On Monday, I posted a photo of myself on Facebook. In an hour, it got one “like” so I deleted it. On Tuesday, I posted a *hilarious* (or so I thought) pic of me wearing a banana costume on Instagram, the likes weren't rolling in as fast as I'd like, deleted that one too.
Then the blog posts… not been getting as many comments lately. Was there something wrong with me?
Then it hit me. Yes, something was wrong with me…
Was I posting for fun, necessity or VALIDATION?
I tell ya, it's an extensional crisis for a blogger when the “validation” question rears it's ugly head.
Comments and comment culture is so ingrained into the vision of success for fashion bloggers that it's hard to separate the purpose of comments. The top of the top of personal style bloggers get hundreds of comments, some of the best Instagrammers get literally tens of thousands of likes.
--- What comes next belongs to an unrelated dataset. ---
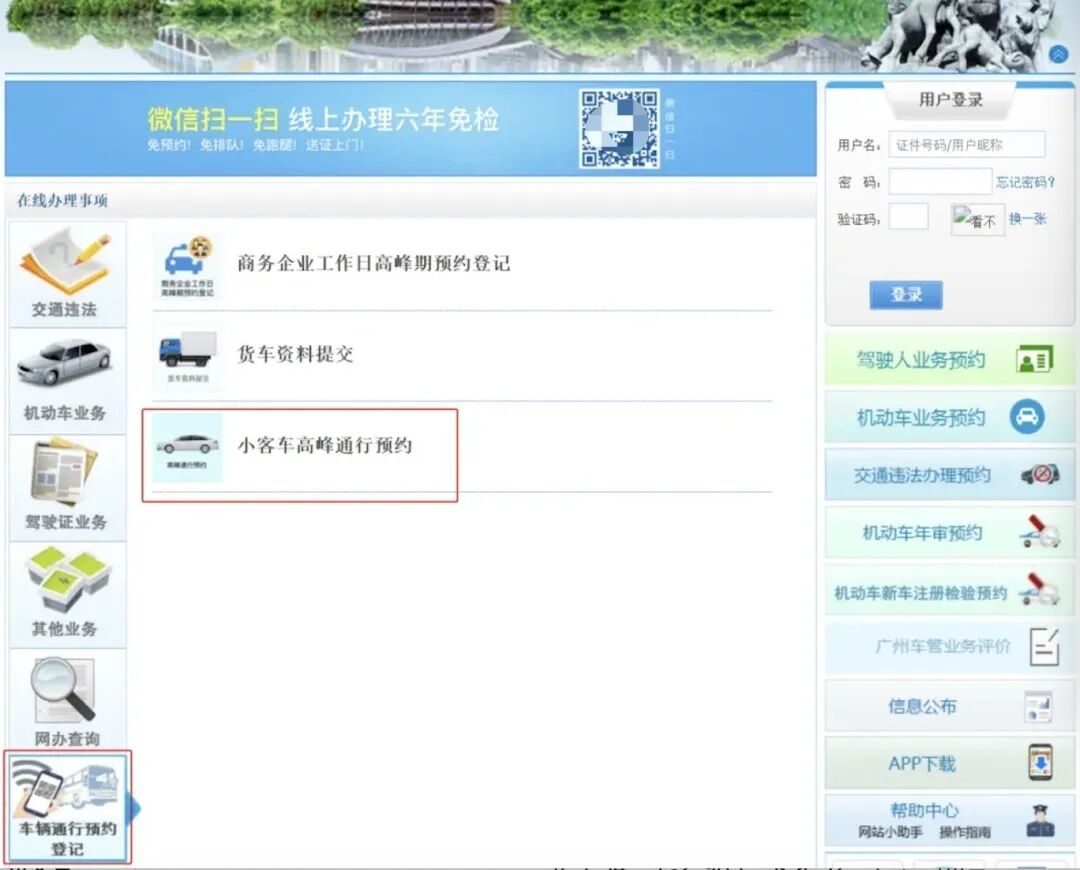 登录广州市公安局门户网站,进入网上车管所页面,点击车辆通行预约登记,点击小客车高峰通行预约,进入申请页面。
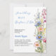 A chic white background. Decorated with a wildflowers in pink, blue, yellow. Personalise and add the name of the bride to be and party details. Text: Something blue Before I do

Pinning success to engagement is easy because we can see it, however there are many other ways to measure success and more importantly, quality.
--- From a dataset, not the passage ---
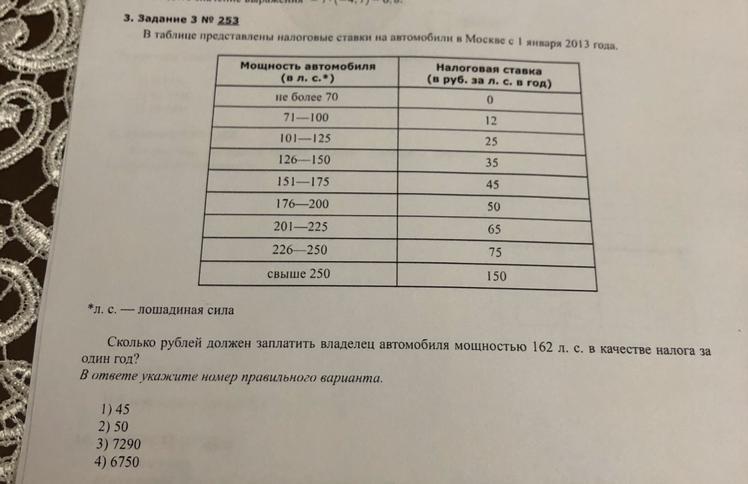 нужно посмотреть в первый столбик, там нужно найти строчку 151-175 л.с. 162 л.с. как раз входят туда. затем посмотреть на второй столбик , там написана налоговая ставка в год видим цифру 45. в ответе под номером 1 как раз нужная нам ставка , отсюда следует ответ 1

I remember my very first comment from a reader. He was a total pantyhose creep commenting on my tights.
Then again, comments feel good. Even if they're not gushing… that simple acknowledgement feels good. Here's a shameful admission… I remember my very first comment from a reader. He was a total pantyhose creep commenting on my tights. I was 99% disgusted, but a 1% of me was happy someone commented!
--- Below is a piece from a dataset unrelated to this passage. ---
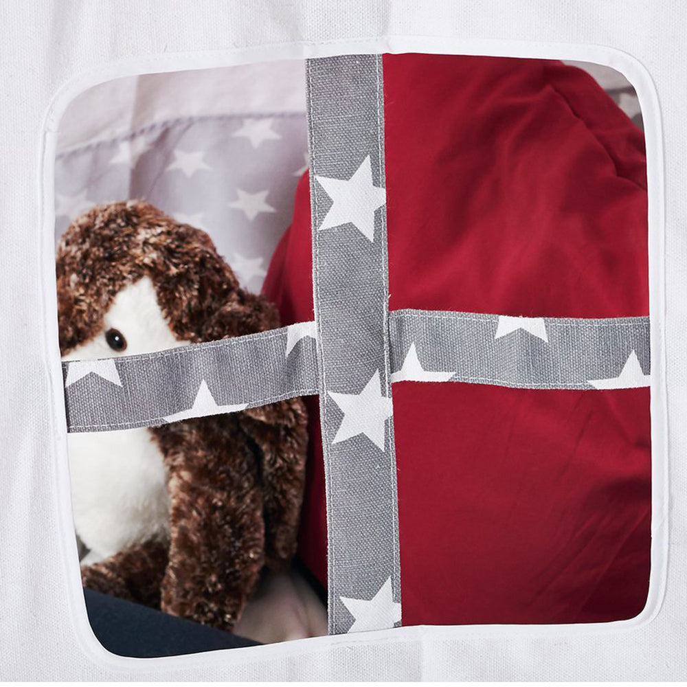 Durch das kleine Fenster kann dein Kind jederzeit nach dem Rechten sehen oder fröhlich nach außen winken. Das Zelt bietet genügend Raum für Kuscheltiere, Bücher und sogar Freunde – perfekt für gemeinsame Abenteuer im Kinderzimmer oder ein ruhiges Abendritual mit Mama oder Papa.

Comments offer feedback, sometimes immediately to whether your content resonates with readers. Most of readers are silent, but the few who chime in can give you a sense of how content is perceived. Measuring success by commenting can become addicting because it feels personal, it's so easy to look at those few who comment and say all readers feel that way. Comments make it easier to put a face on that digital abyss we post into.
What happens if no one comments?
Do you need comments to feel successful about a post? Or are you just hoping to spark a conversation?